Matthew Mason-Cox med rel: Fair Trading targeting a fake near you

Matthew Mason-Cox med rel: Fair Trading targeting a fake near you

0NSW Fair Trading Minister Matthew Mason-Cox today said Fair Trading officers seized hundreds of Nike and ASICS brand footwear in a raid at a home in Hurlstone Park, in Sydney’s inner-west.

Mr Mason-Cox said more than 560 pairs of counterfeit Nike and ASICS brand footwear was seized at the make-shift warehouse, which had been under investigation by NSW Fair Trading officers for about a month.

“NSW Fair Trading is stepping up its surveillance of counterfeit goods in the marketplace, so this raid should serve as a warning to people who are illegally selling counterfeit goods,’’ Mr Mason-Cox said. “We are in the marketplace and we will catch you.’’

In July, NSW Fair Trading undertook two major operations. The first operation saw more than 8,000 counterfeit makeup products seized from three locations across Sydney.

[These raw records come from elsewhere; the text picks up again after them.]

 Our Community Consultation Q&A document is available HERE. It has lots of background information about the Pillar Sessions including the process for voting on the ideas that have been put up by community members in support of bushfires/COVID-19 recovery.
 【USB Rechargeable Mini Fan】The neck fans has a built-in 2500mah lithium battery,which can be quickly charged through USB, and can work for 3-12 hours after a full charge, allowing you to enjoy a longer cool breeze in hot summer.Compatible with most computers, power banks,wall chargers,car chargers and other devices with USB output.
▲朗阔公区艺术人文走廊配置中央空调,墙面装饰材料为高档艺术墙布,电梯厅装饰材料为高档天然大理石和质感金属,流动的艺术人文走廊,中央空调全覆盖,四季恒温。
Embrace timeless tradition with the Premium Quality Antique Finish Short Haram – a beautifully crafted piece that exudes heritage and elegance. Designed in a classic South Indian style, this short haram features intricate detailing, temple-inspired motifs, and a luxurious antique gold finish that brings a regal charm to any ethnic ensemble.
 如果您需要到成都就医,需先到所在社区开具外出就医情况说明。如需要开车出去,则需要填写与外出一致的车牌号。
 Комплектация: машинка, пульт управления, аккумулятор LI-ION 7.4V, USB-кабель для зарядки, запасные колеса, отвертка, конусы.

The investigation followed consumer complaints about makeup products they had purchased, including one consumer who had the skin on her face burnt after using a fake Mac foundation.

Later that month, officers raided a Western Sydney retailer selling counterfeit Nike brand footwear, assorted designer label clothing and accessories.

“In May, NSW Fair Trading successfully prosecuted Michael Lam, a Paddy’s Markets trader, for selling counterfeit football clothing,’’ Mr Mason-Cox said. “He was ordered to pay fines and costs of $17,180 by Parramatta Local Court.”

Mr Mason-Cox said while consumer protections existed under the Australian Consumer Law, it was not always easy to spot a fake, so I urge consumers to buy their products from a reputable trader.

“You are more likely to have your consumer rights enforced under the Australian Consumer Law if you buy from a well-recognised and established trader,” he said.

NSW Fair Trading is now considering pursuing legal action against the Hurlstone Park trader.

Businesses that make false and misleading statements about the price, value or quality of the consumer goods they sell face fines of up to $22,000 for an individual and $1.1million for a company.